Teaching and Learning
What is pedagogy? A dictionary definition suggests that it is the science of teaching but educational theorists, understandably enough, offer definitions which are not quite so reductive. For a start pedagogy' is understood not so much as the art or science of teaching but also of learning. Furthermore, the question of how' something is taught is not merely a qualitative concern but one which asks what commitment to inquiry, be it social, political, intellectual, or artistic, do students take with them when they graduate from colleges and universities every year?
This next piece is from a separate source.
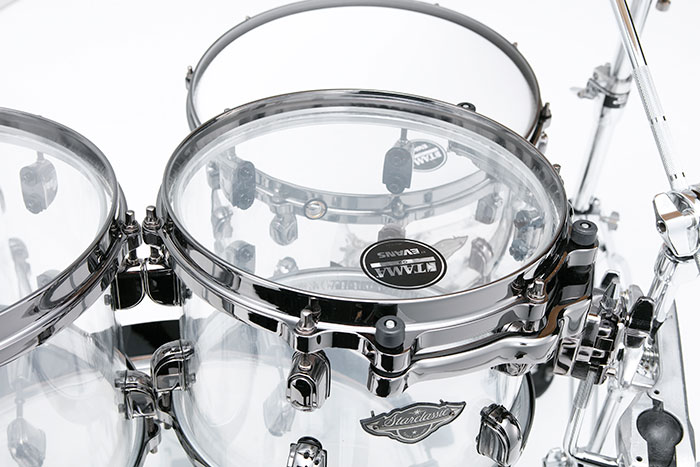 アクリルシェルのドラムキットは1970年代以降、そのユニークな見た目とウッドシェルとは異なる独特の音色が多くのドラマーの心を捉えて きました。TAMAもまた1974年にRoyalstarの1モデルとして発売したことを皮切りに、Starclassic Mirage(2007年)、Silverstar Mirage(2014年)として限定モデルを発売してきました。

Henri Giroux argues that over the past fifteen years questions centred around the pedagogic practices of teaching and learning have become a site of enormous contestation within educational theory [1]. Giroux considers that any examination of what the word pedagogy' means does not simply reduce it to something that a tutor does' in classrooms or studios or what a student learns. Instead he sees pedagogy as an activity which is clearly linked to cultural practices outside the learning environment. Pedagogic practice (or teaching and learning) offers particular, and vested, views of the world. What constitutes pedagogy, he says, "is posited as central to any political practice that takes up questions of how individuals learn, how knowledge is produced, and how subject positions are constructed" [2]. Therefore pedagogy is not simply the relationship between teaching or learning but a much more contested activity: whether consciously or not the student and the tutor are involved in a political as well as a cultural relationship which produces a particular political and cultural response to knowledge.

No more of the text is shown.